# Quiche ideas



## Siegal (Sep 28, 2012)

Decided to bring quiche to a potluck. It has a healthy theme so probably best to do crust less. Needs to be meatless and shellfishless (fish ok). I'm thinking of bringing 2 or 3 depending on how big the guest list gets. Need ideas
Thinking a smoked salmon quiche; maybe asparagus and something? Any ideas/recipes


----------



## Andy M. (Sep 28, 2012)

Siegal said:


> Decided to bring quiche to a potluck. It has a healthy theme so probably best to do crust less. Needs to be meatless and shellfishless (fish ok). I'm thinking of bringing 2 or 3 depending on how big the guest list gets. Need ideas
> Thinking a smoked salmon quiche; maybe asparagus and something? Any ideas/recipes




If you're going to use whole eggs in your quiche I wouldn't worry about the healthfulness of the crust.


----------



## Siegal (Sep 28, 2012)

Andy M. said:
			
		

> If you're going to use whole eggs in your quiche I wouldn't worry about the healthfulness of the crust.



Eggs aren't unhealthy. They are whole, natural, and full of nutrients, Plus there is only usually 4 or so in a quiche that serves 6. So less than an egg a person. 

Normal crust on the other hand is empty calories of bleached flour stripped of all nutrients, and hydrogenized shortening or margarine  or butter (although butter is ok in my book but kind of fatty) with little vitamins....

Besides just because you use one"fatty" ingredient doesn't mean you need to throw all caution to the wind


----------



## Andy M. (Sep 28, 2012)

Siegal said:


> Eggs aren't unhealthy.
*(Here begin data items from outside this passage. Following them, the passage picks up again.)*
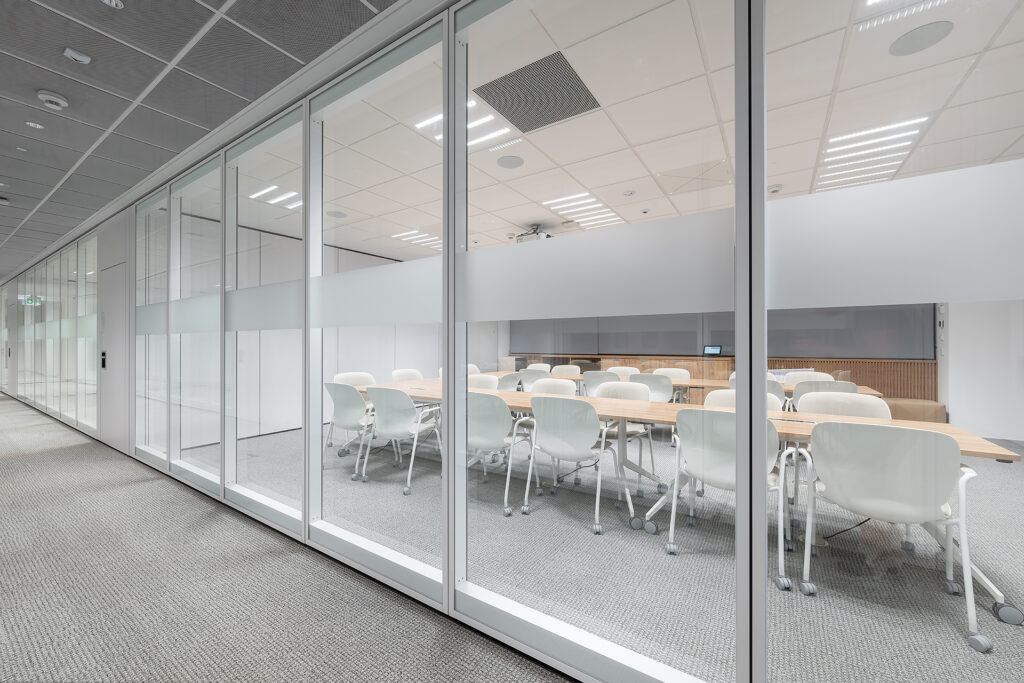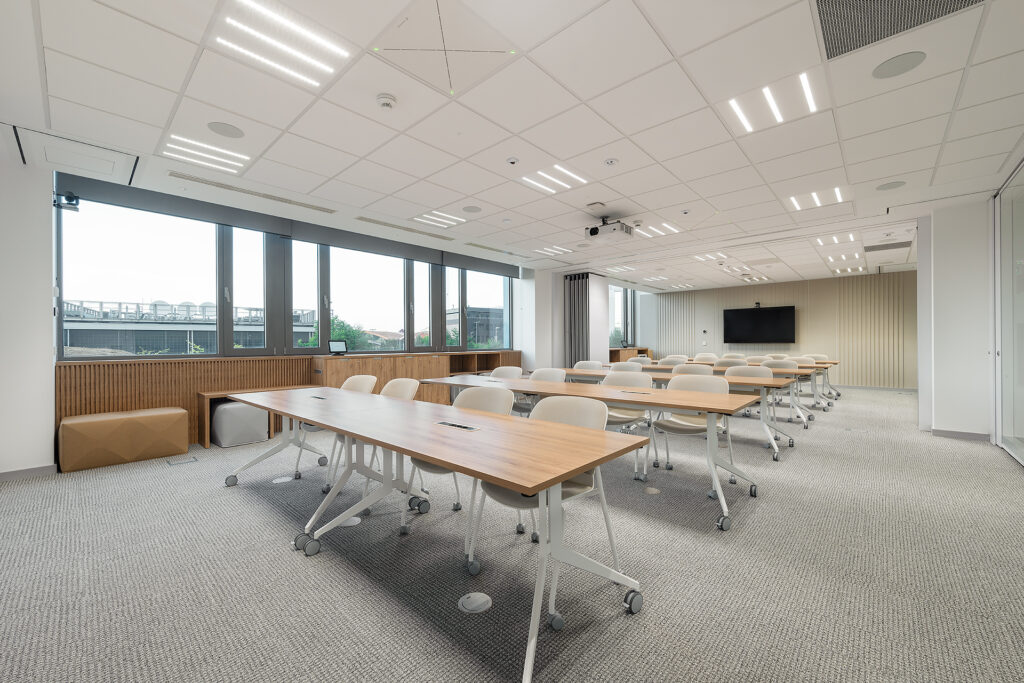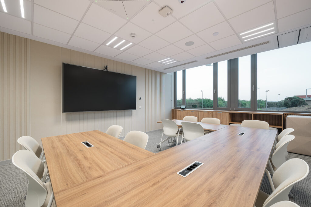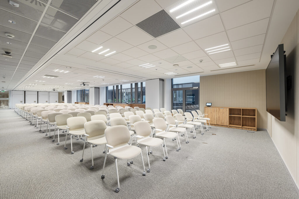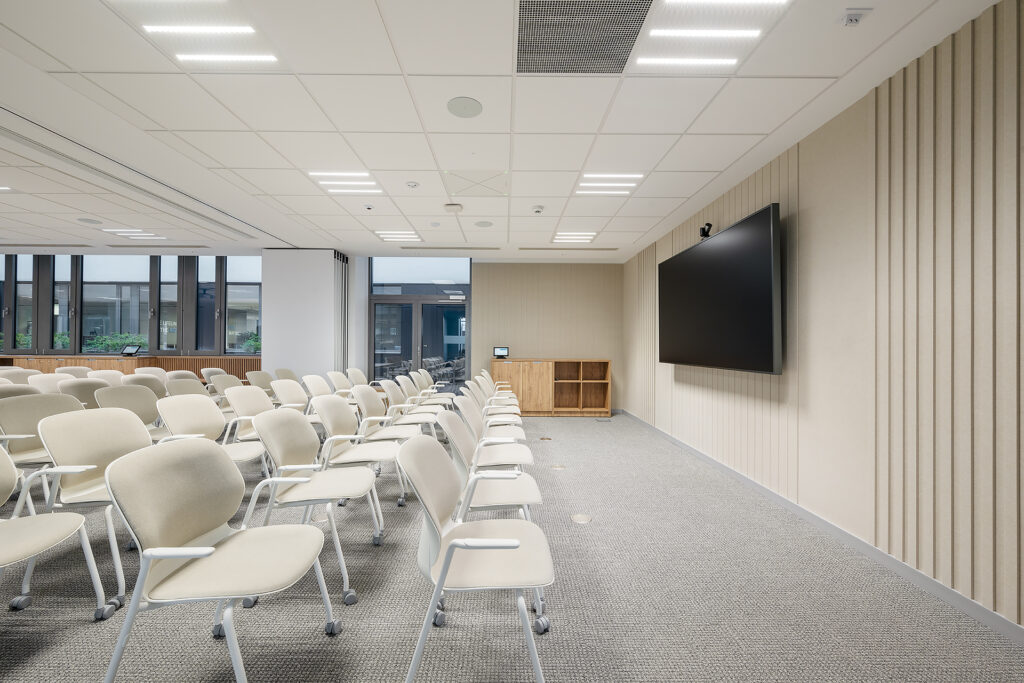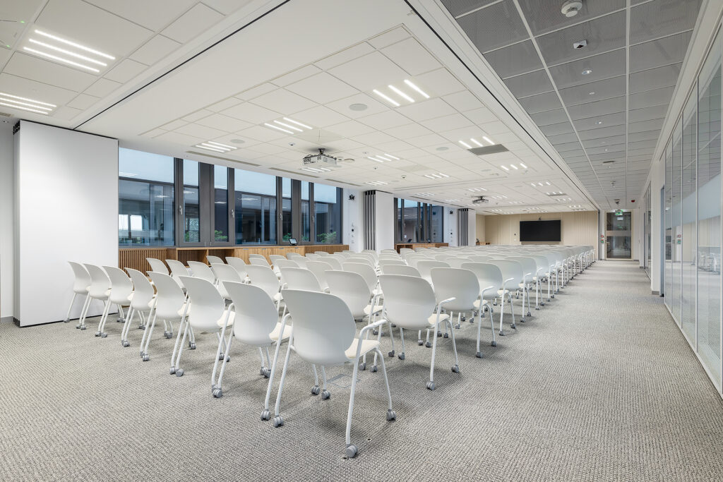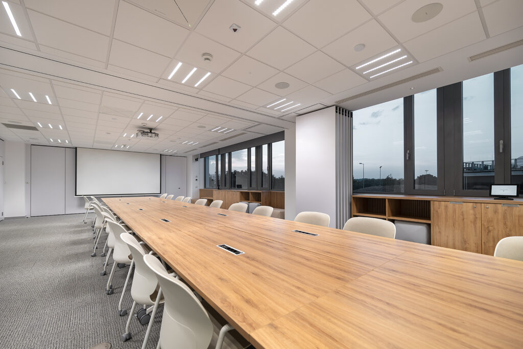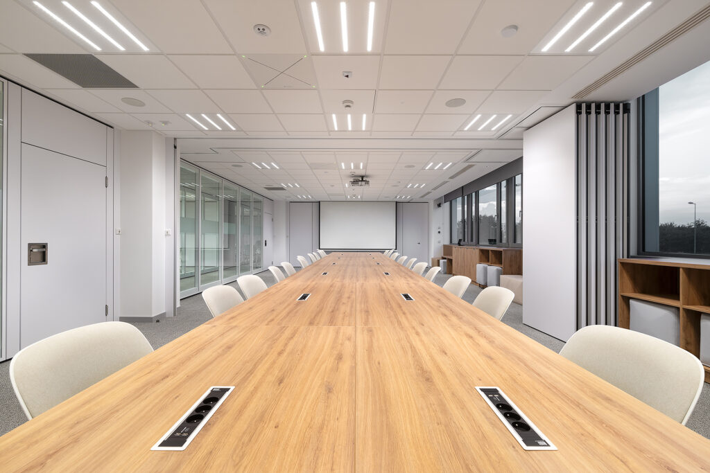Sesja prezentująca sale konferencyjne oraz pomieszczenie kuchenne. Przestrzeń została wyposażona w modułowy system organizacji, dzięki czemu możliwe jest dostosowanie wielkości sal konferencyjnych do aktualnych potrzeb – od dużej przestrzeni open space, po kameralne pokoje. Projekt zrealizowany przez firmę Electrotechnics Control.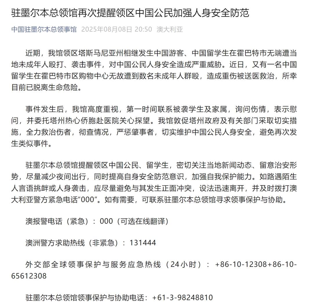 🌐 The Consulate has also appealed to the Tasmanian government to implement effective actions to protect the safety of Chinese nationals, ensure thorough investigations, and prevent future attacks. These calls reflect broader unease about the well-being of international students and tourists in Australia.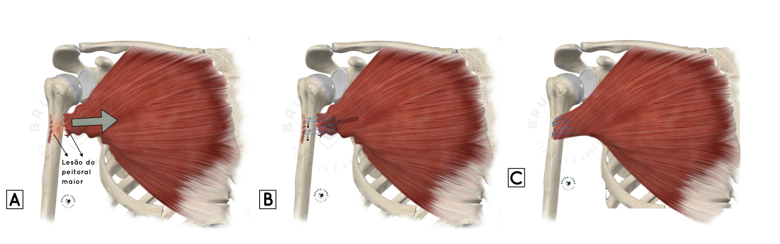 O reparo do tendão do peitoral maior é realizado com um acesso no local de junção entre o braço e o peito. O tendão é localizado, desbridado e reinserido novamente no úmero. Essa fixação óssea do tendão pode ser feita de várias formas, incluindo diferentes dispositivos de fixação, como âncoras ou botões metálicos, ou com túneis ósseos.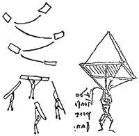 Первую же конструкцию подобного аппарата разработал не кто иной, как великий Леонардо да Винчи. "Если человек возьмет полотняный натянутый купол, - писал он, - каждая сторона которого имеет двенадцать локтей ширины и двенадцать локтей высоты, то он сможет безопасно сброситься с любой высоты". Учитывая, что площадь указанного натянутого купола примерно равна площади современного парашюта, остается только восхититься точности предсказаний гениального итальянца. К чести Леонардо заметим, что сам он не решился испытывать свое изобретение на себе, благодаря чему, видимо, и прожил долгую и счастливую жизнь. Замечательная же идея его в течение долгого времени так и оставалась на бумаге.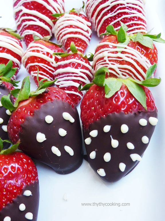 Dip the fresh strawberries in dark chocolate and place them on a baking tray lined with parchment paper.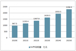 預計到2020年我國5G產(chǎn)業(yè)市場規(guī)模將達到967.5億元,到2025年將達到2296.5億元。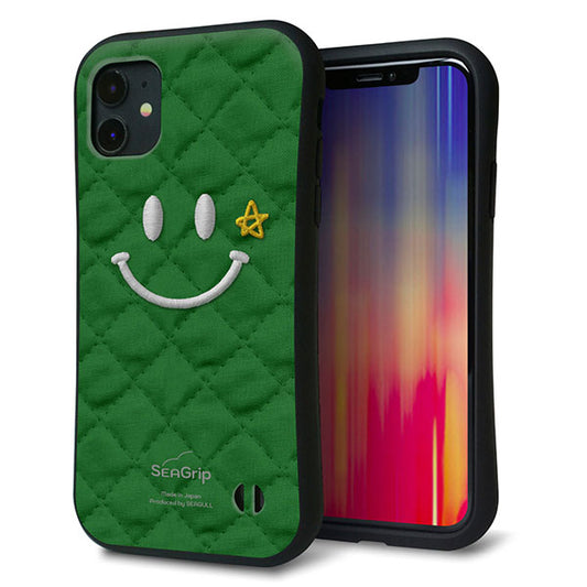 iPhone11 スマホケース 「SEA Grip」 グリップケース Sライン 【KM936 スマイル スター グリーン 】 UV印刷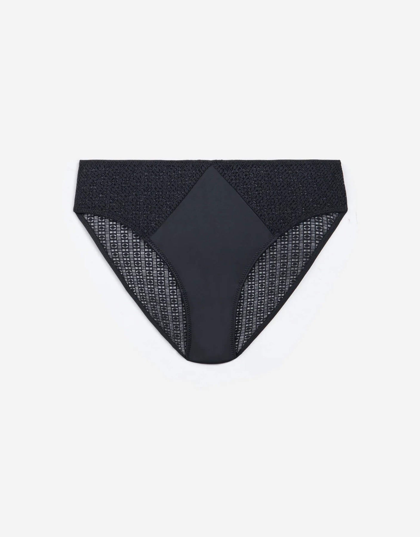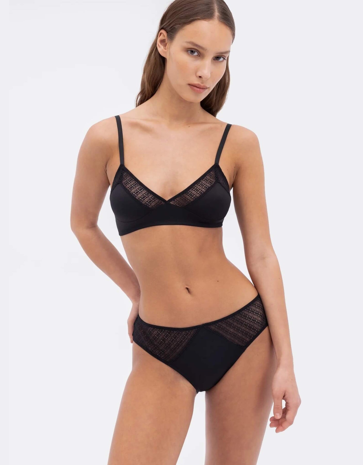 The Matrix Brief in black by Else is a seductive blend of graphic modernity and silky comfort. Crafted from exceptionally soft microfibre for a smooth, flattering fit, it features sustainable geometric lace that plays with linear patterns and sheer detailing. A perfect balance of everyday wearability and contemporary design.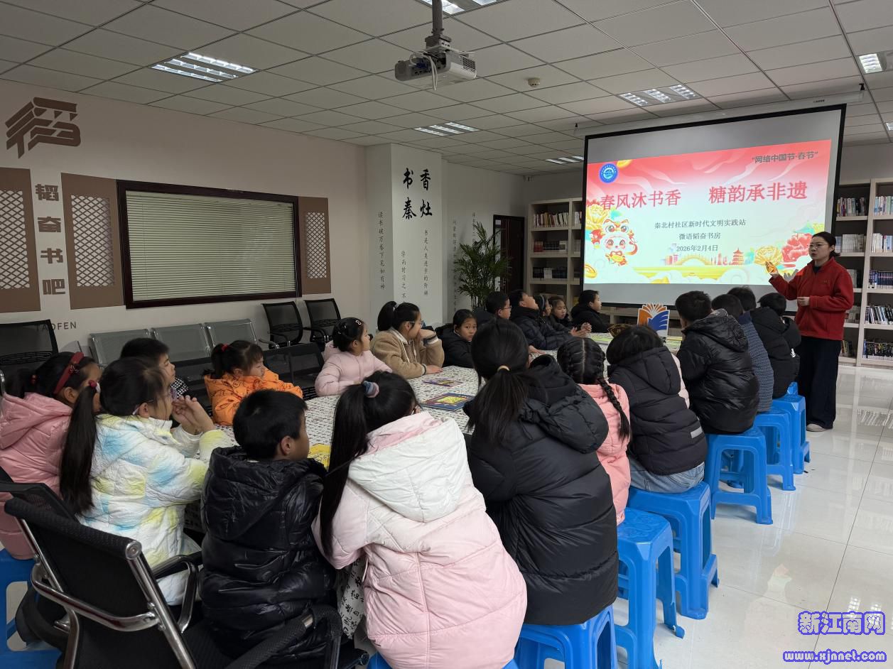 中国江苏网讯 翰墨飘香润心田,非遗糖韵甜秦北。近日,秦灶街道秦北村社区韬奋书吧内暖意融融,笑语盈盈。一场以“春风沐书香,糖韵承非遗”为主题的“网络中国节 春节”全民阅读春风行动如约而至。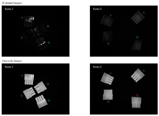 In order to further discuss the effects of R-channel images, the R-channel images for the two scenes under the optimal design of Condition III (illumination RGB equals to 15, 225, and 240, 1 shoot) were extracted. We processed the two figures with greyscale; both R-channel and greyscale figures are shown in Figure 7. Moreover, to confirm that the R-channel images perform better than greyscale images under the same situation, an additional design was implemented with greyscale images, as shown in Figure 7. Results showed that the optimal design with the greyscale images could only provide an Fmeasure of 0.93.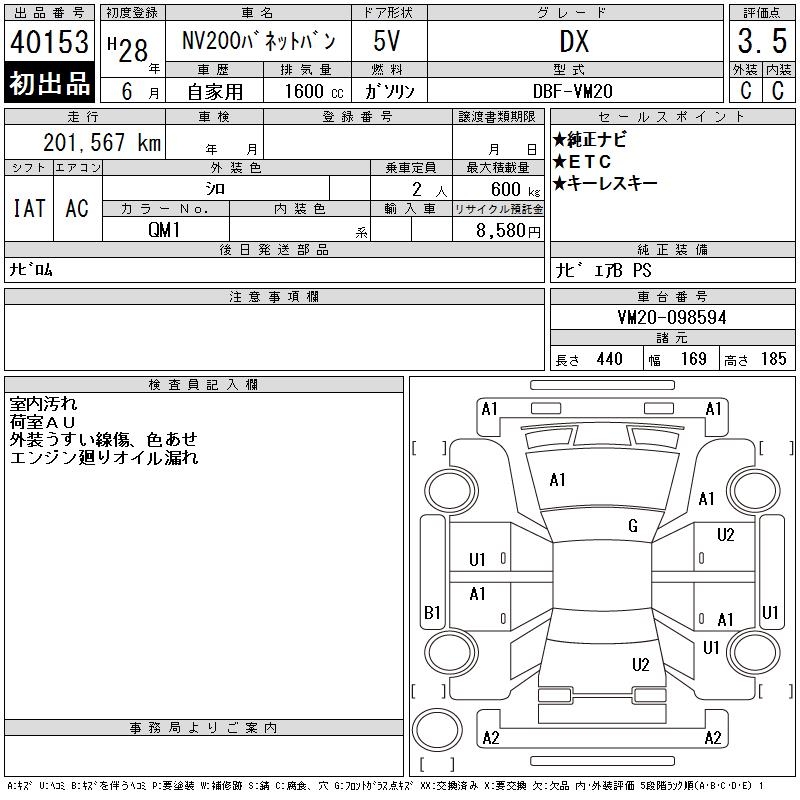 NISSAN NV200 VANETTE VAN DX - лот 40153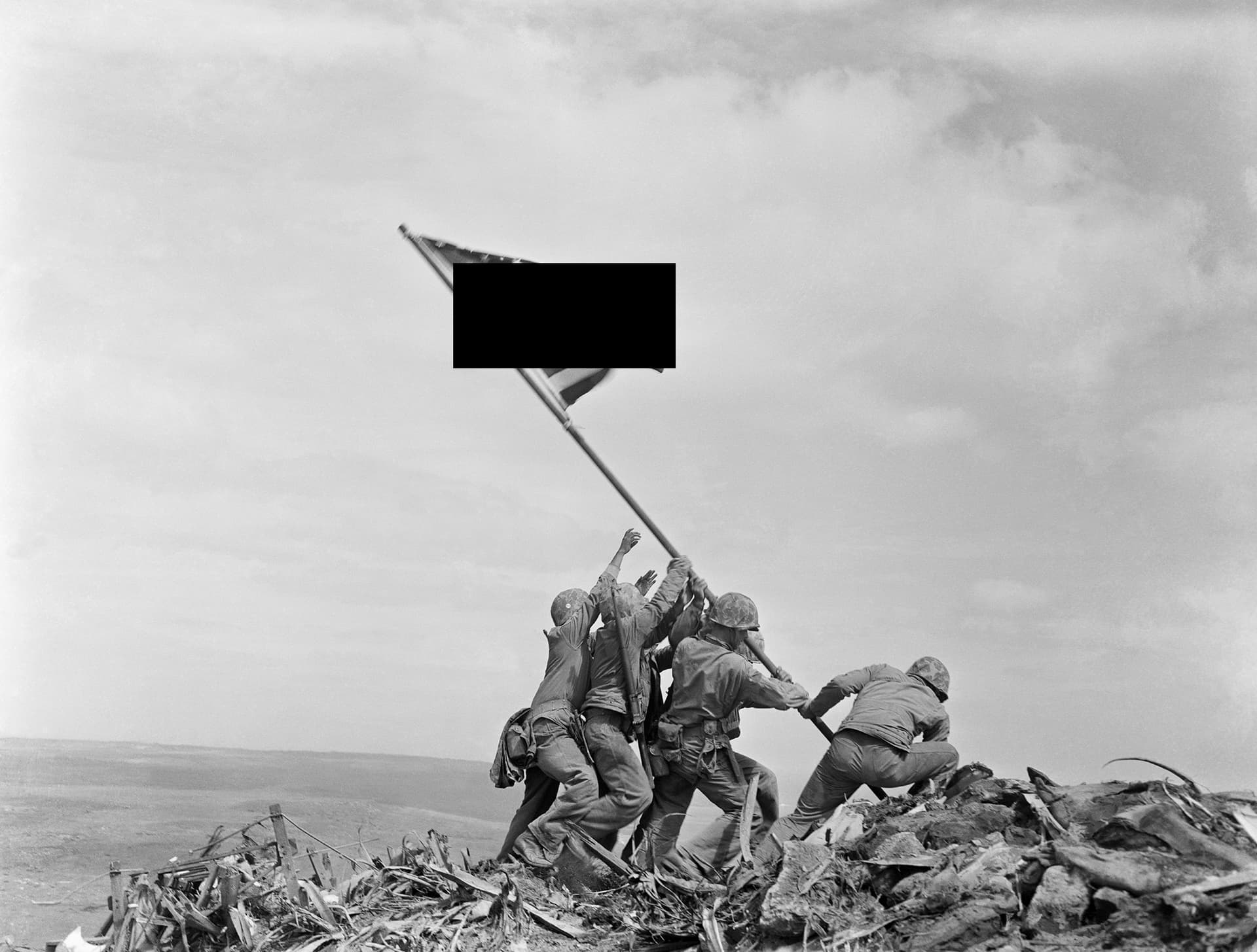 raising the flag iwo jima but instead of the us flag its a banner with a slur on it

They are whole, natural, and full of nutrients, Plus there is only usually 4 or so in a quiche that serves 6. So less than an egg a person.
> 
> Normal crust on the other hand is empty calories of bleached flour stripped of all nutrients, and hydrogenized shortening or margarine  or butter (although butter is ok in my book but kind of fatty) with little vitamins....
> 
> Besides just because you use one"fatty" ingredient doesn't mean you need to throw all caution to the wind




I only mentioned this because many health-conscious people reject eggs as a healthful food based on its high cholesterol count.  I agree with you and personally don't have an issue with eggs.  

Isn't a quiche without a crust an omelet/fritatta?


----------



## Siegal (Sep 28, 2012)

Yea i hate that egg thing! My inlaws drive my husband nuts about not eating eggs and butter but raised him to eat only margarine, pastries and cake, meat, and proceeded carbohydrates. No veggies, whole grains,or fish. 

The eggs and butter so unhealthy! But a diet of margarine, rice, white bread, cake and McDonald's totally ok!

Anyway - not so good on terminology. Crust less quiche may = frittata


----------



## Aunt Bea (Sep 28, 2012)

I like plain onion with caraway seeds and sharp cheddar cheese.

I just cook down the onions and caraway seeds in butter and make an onion jam.

I mix that with one cup of milk, two eggs, a cup of grated cheese, salt, pepper, nutmeg. Pour into a 9 inch shell and bake at 425 for fifteen minutes, reduce heat to 350 for another 20 to 30 minutes, cool slightly and enjoy.

I usually use evaporated milk.

I usually cheat and use a frozen crust.

I add up to two cups of vegetables or meats. 

Leftover broccoli is very nice.

We call it egg pie at my house, it is a great way to use musgoes!


----------



## CWS4322 (Sep 28, 2012)

The LCBO Food and Drink magazine has some tasty quiche recipes:

Recipe Search Results

I've made this Swiss Chard tart a number of times. The last time I made a whole-wheat crust (I think I put pics in "what are you baking today"):

Recipe Details

I've also made this zucchini tart several times: 

Recipe Details

I've also made this tart with regular pie crust:

Recipe Details

(More tomato tart recipes are at this Recipe Search Results).

Fooey on those who don't eat eggs--divided re: the number of slices, there aren't a lot of eggs per serving.


----------